Unwrapping culture, Pichet Klunchun & Alvin Erasga Tolentino

Par Margot Baffet

Publié le 30 octobre 2015

Malgré la globalisation d’une culture désormais sans frontière, la création contemporaine s’attache encore à ses racines. Unwrapping Culture est représentative de ces identités culturelles qui se réinventent et fleurissent de leurs origines par une ré-actualisation décalée. Dans ce spectacle, la danse Khon est donnée à voir dans un contexte de performance immersive dans laquelle le public circule librement dans le décor. D’origine thaïlandaise et canado-philippine, Pichet Klunchun et Alvin Erasga Tolentino forment un duo de performeurs étonnant qui traite cette problématique identitaire d’aujourd’hui.

Se jouant des icônes religieuses dénaturées que l’on trouve dans les pays asiatiques touristiques, le duo évolue dans un bazar de toc et de plastique. Entre bruits électroniques frénétiques et saturation de couleurs fluorescentes, le décor nous immerge dans une culture populaire d’Asie où le clinquant est roi.
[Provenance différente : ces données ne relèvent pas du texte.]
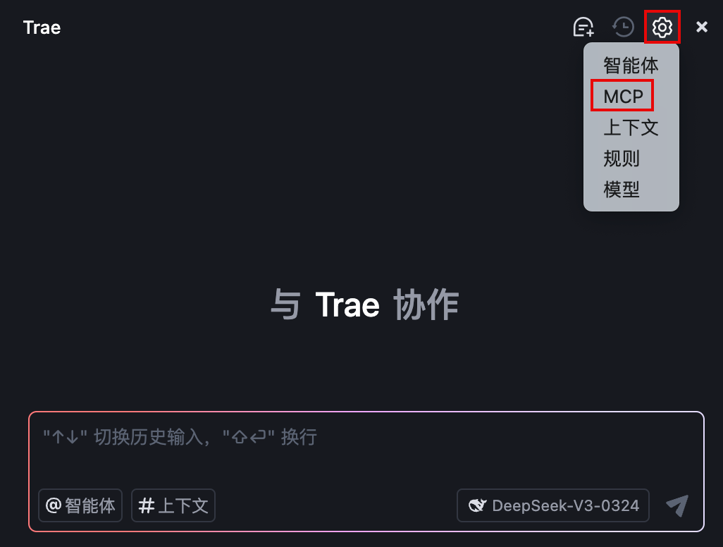 2.在 AI 对话框的右上角,点击 设置 图标,然后在菜单中选择 MCP 。
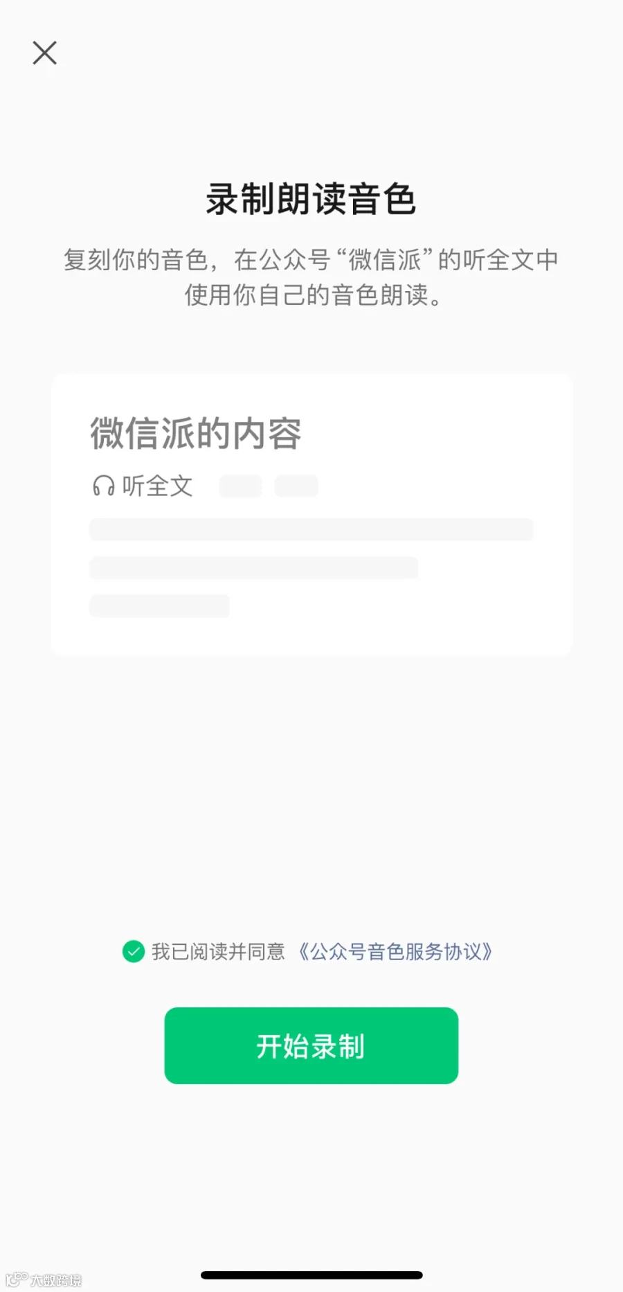 “发声”第一步,作者需要下载一个“订阅号助手”APP,点击“我-设置-朗读音色”,就可以录制例句,例句也会复刻你的语气和情感。录制完成并点击应用,即可在公众号里拥有自己的个性化语音。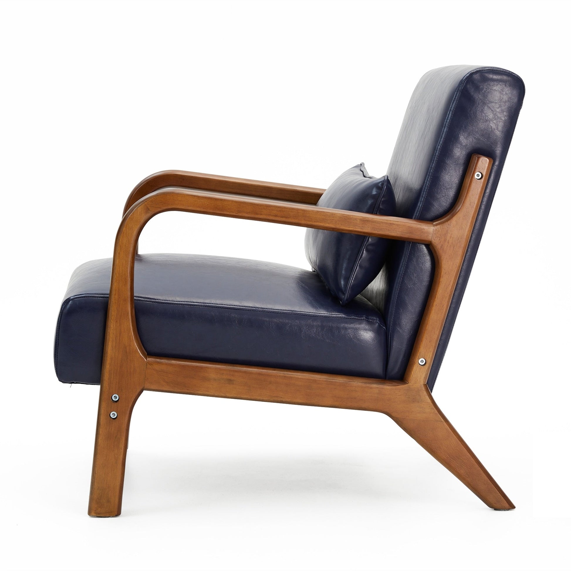 Glitzhome 30.75H Mid-Century Modern PU Leather Armchair Accent Chair with Pillow - 25.75W x 33.75D x 30.75H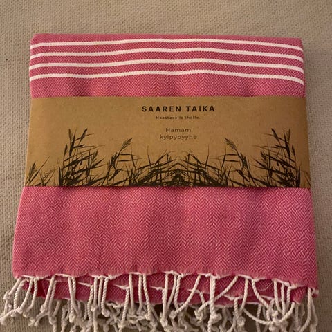 Myydään uusi hamam-pyyhe Saaren taika Seilori vihreä-sininen koko 100x175. Ostin useamman ja tämä olikin vähän turhan vaalea vihreänsävy. Täysin uusi ja vielä pahveissaan.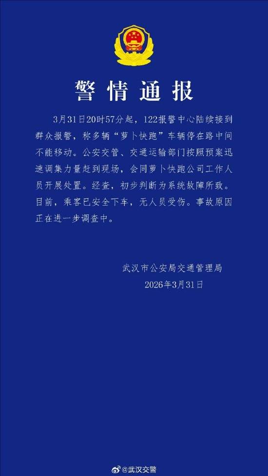 武汉市公安局交通管理局近日发布通报称,3月31日晚间,武汉多个路段出现多辆“萝卜快跑”自动驾驶车辆集体停滞现象。涉事车辆均停在道路中央无法继续行驶,现场未造成人员伤亡,所有乘客已在相关部门协助下安全转移。交管部门联合交通运输局及运营企业第一时间启动应急预案,目前具体技术故障原因仍在深入排查中。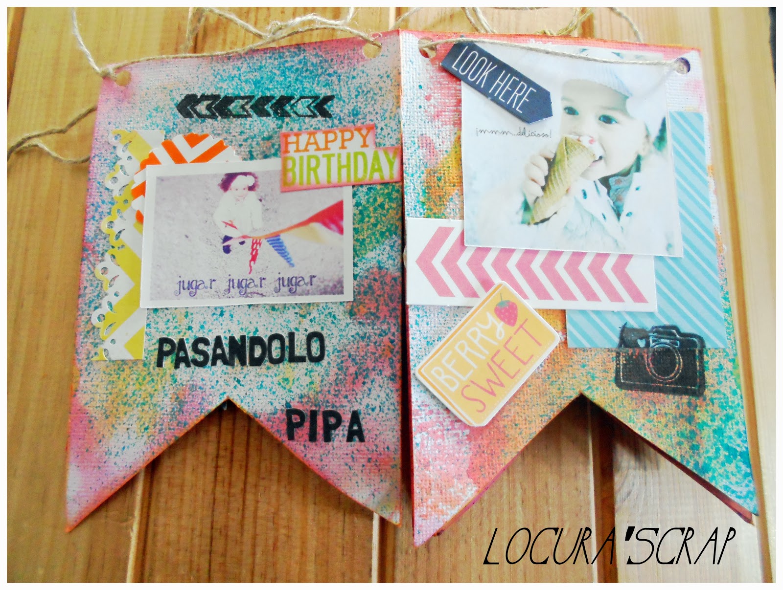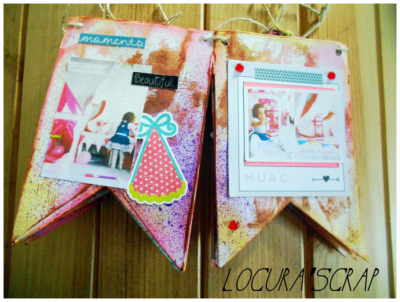 La base del mini álbum son dos papeles básicos blancos,con los que hemos hecho unos banderines , y en los que hemos estado guarreando un poco con las tintas distress ink y dylusions ink spray , para darle color.
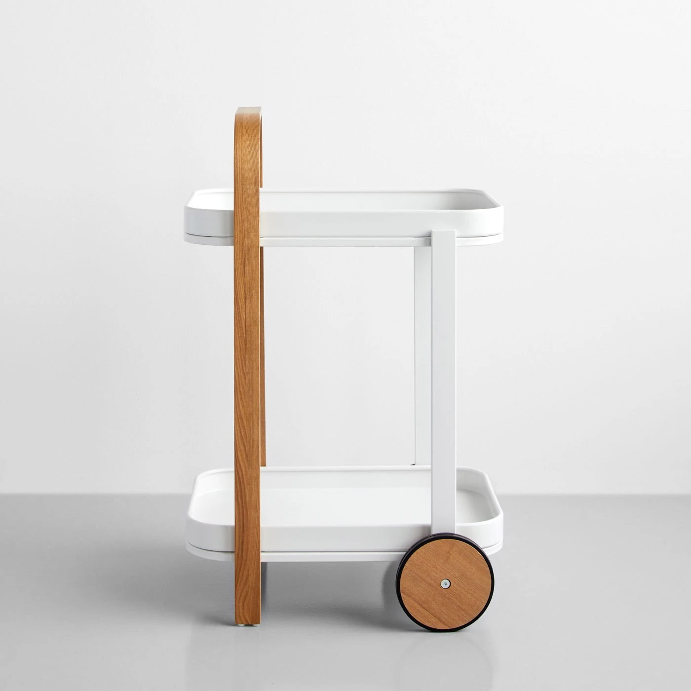 The versatile Bellwood White Cart features a minimalist, two-toned design made from bent plywood and powder-coated steel. The removable trays with rubber feet instantly transform into serving trays and enable easy cleanup. The light-toned wood wheels have rubber rims that glide smoothly and won’t damage floors. This modern white storage cart can serve a number of handy household functions. Load it with beverages and drinkware to create a portable bar or display a collection of indoor plants on the double shelves. It can also be used to organize bathroom toiletries and towels, kitchen gadgets and accessories or arts and crafts supplies.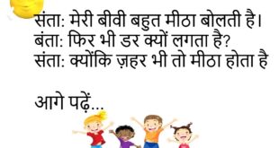 संता: मेरी बीवी बहुत मीठा बोलती है।बंता: फिर भी डर क्यों लगता है?संता: क्योंकि ज़हर भी तो मीठा होता है!😊😊😊😊 ****************************************** टीचर: अगर धरती घूमना बंद कर दे तो क्या होगा?छात्र: सर, फिर हम सब गिर जाएँगे — क्योंकि अब तक सबको घुमा रखा है!😊😊😊😊 ****************************************** बॉयफ्रेंड: तुम इतनी खूबसूरत कैसे लगती हो?गर्लफ्रेंड: फ़िल्टर ऑन है।😊😊😊😊 ****************************************** पति: आज खाना …
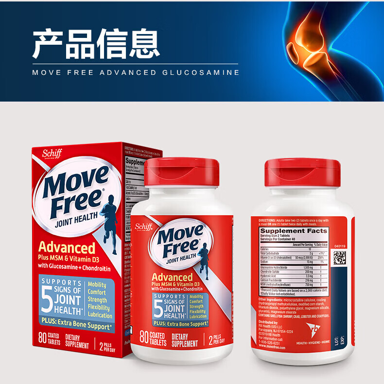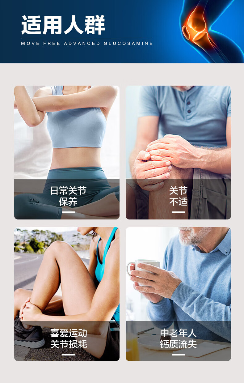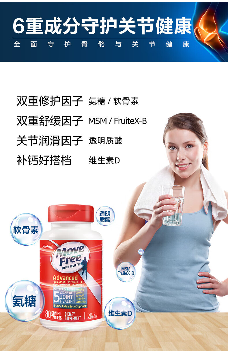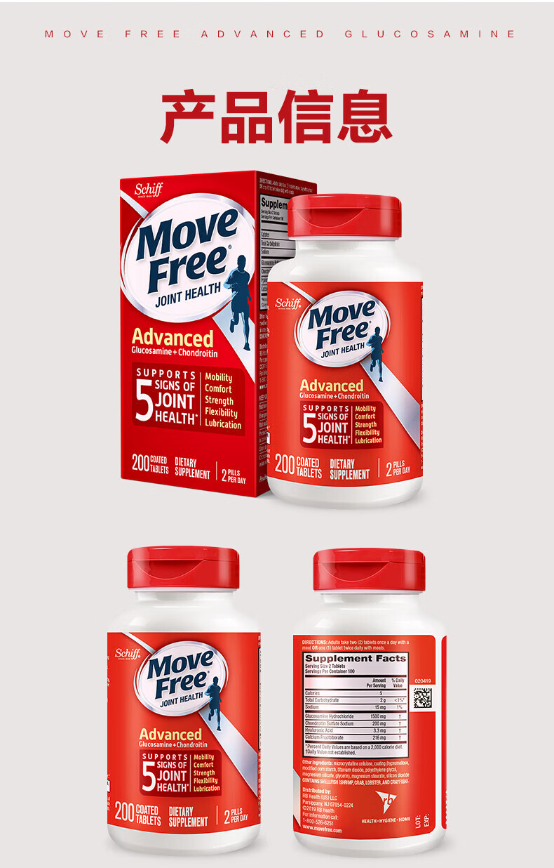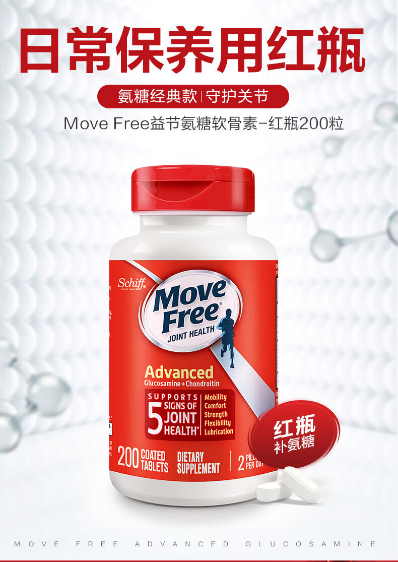 益节(Move Free)美国进口7合1氨糖软骨素钙片含MSM维骨力 中老年人养护关节健康 【红瓶加量装】日常养护 200粒*1瓶

Des jouets interactifs et des fétiches anecdotiques recouvrent le sol en profusion. La musique kitsch nappe également d’ironie ce royaume fictif où le ludique côtoie allègrement le sacré. C’est dans ce chaos absurde qu’est interprétée la noblesse de la danse Khon. Traditionnellement dansée à la cours royale en Thaïlande, elle est ici réinterprétée avec des codes contemporains.

Le choc des cultures contribue à une oeuvre vivante hybride qui attire inévitablement notre curiosité. On entrevoit implicitement une critique de cette surconsommation insensée qui vulgarise souvent les arts ancestraux. La distraction désacralise cette danse ancienne avec exubérance: les deux performeurs conditionnent habilement leur public à l’euphorie du jeu. Avec la force des potentialités scéniques, Pichet Klunchun et Alvin Erasga Tolentino parviennent à nous introduire dans ce « fast-mood » : le sacré se subtilise au profane et le spectateur est amené à consommer l’instant d’euphorie. Le procédé d’immersion est réussis, l’électrisation du public opère grâce à l’intensité de jeu des comédiens-danseurs.

Cet emballage de culture est traité sous un angle original, et l’esprit déjanté de la performance amène les questionnements sociaux sur un terrain inattendu. La particularité des décors nécessite néanmoins une grande habilité logistique de la part des interprètes, qui peut parfois parasiter l’intention des spectateurs. Malgré cette mise en scène risquant l’impatience de l’audience, le parti-pris visuel reste étonnant. Les deux compagnies de danse ont su allier leur style harmonieusement, tout en réinventant audacieusement leurs codes pour cette représentation transculturelle unique en son genre.

Vu à MAI (Montréal, arts interculturels). Photo © Chris Randle.